A Piece Of Normal
Page 9
"Willems and Dreena Sue have a new baby?"
"Yeah."
My head is beginning to hurt. "Wait. So why would you want to stay there forever if it meant marrying a guy you didn't love, and if the guy you do love has a new baby with somebody else?"
"Well, you nut, because I wanted to be near Willems, and it was worth it because of the whole force field thing," she says, as though this should be obvious to anyone, and she gets that old familiar look on her face, the one that means I can't be expected to understand such undying, complex emotions.
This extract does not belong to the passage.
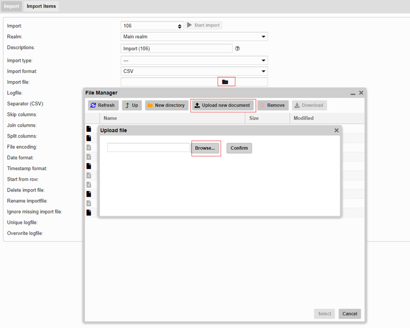 Via dit veld kan het bestand met de gewenste data opgeladen worden. Door achteraan op het mapje te duwen, verschijnt een pop-up venster. Via de knop ‘upload new document’, kan het juiste bestand gekozen worden waardoor het in de ‘file manager’ terechtkomt. Wanneer het juiste bestand tot slot geselecteerd wordt, verschijnt het achter ‘import file’.

Each point has to be driven home into my head, and I'm already tired of having to nod so expressively just so she won't keep hammering at me.
"But start at the beginning," I say with some effort. "Tell me where you went right after you left here ten years ago."
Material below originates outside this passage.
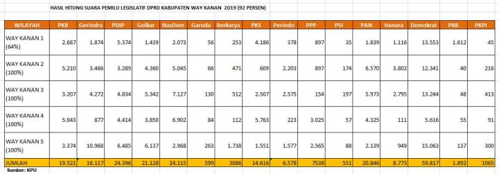 TERASLAMPUNG.COM — Penghitungan suara berdasarkan form C1 (real count) untuk Pemilu Legislatif 2019 di Kabupaten Waykanan pada Rabu siang (1 Mei 2019) sudah mencapai 92,09 persen. Berdasarkan rekapitulasi suara yang sudah hampir selesai itu, Pa...

"Oh, it's all such a long story," she says. "I think I might have to be drunk to tell it." She beams me over a sly smile and jumps up. "Say, do we have any Southern Comfort?"
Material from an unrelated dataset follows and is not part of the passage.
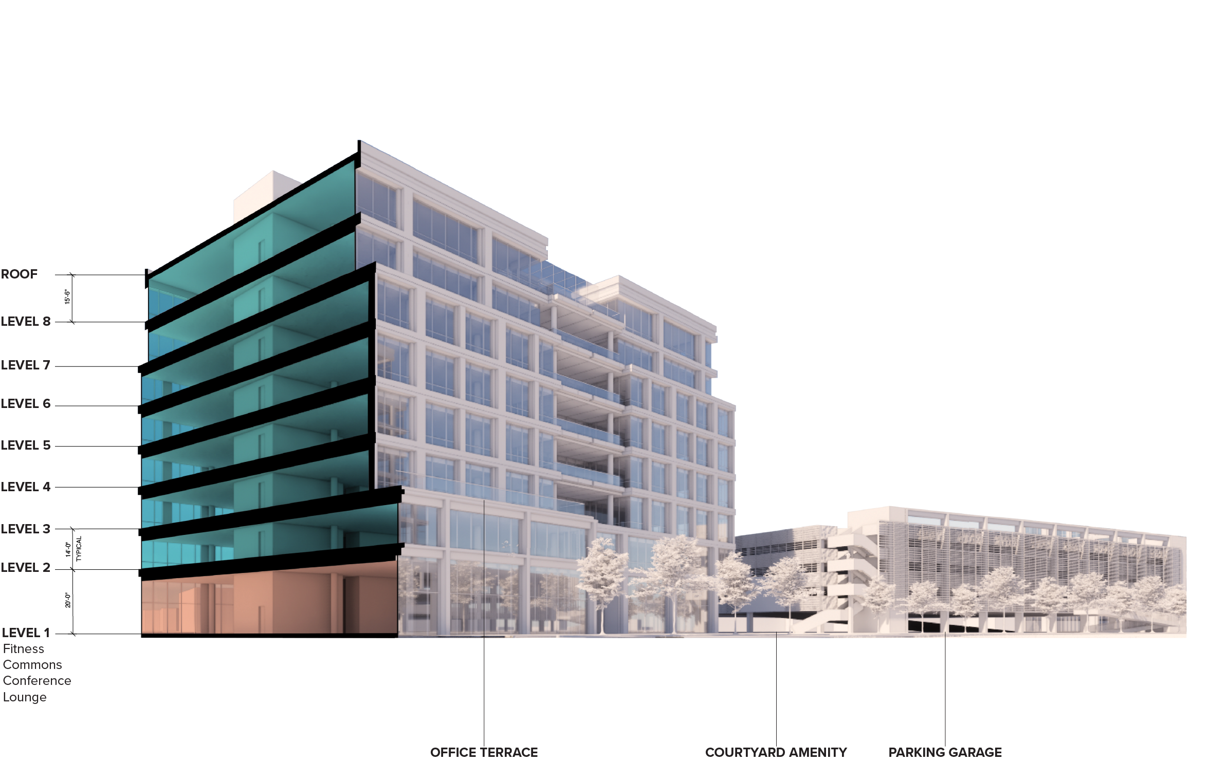 dramatic two-story lobby multi-functional conference facility upscale tenante lounge shaded outdoor patio private, open-air decks

"I don't think so. I don't even know what it is."
"Oh, it's the best thing ever, dahlin'. It's like a peach liqueur they make from bourbon. Best-tastin' thing in the whole world, I swear. I'm a little hooked on it, in a totally good way, of course." She stands up and does a few stretches and some side bends, touches her toes, and then unfolds herself until she's upright. Then she stares at me. It's apparently my turn to talk.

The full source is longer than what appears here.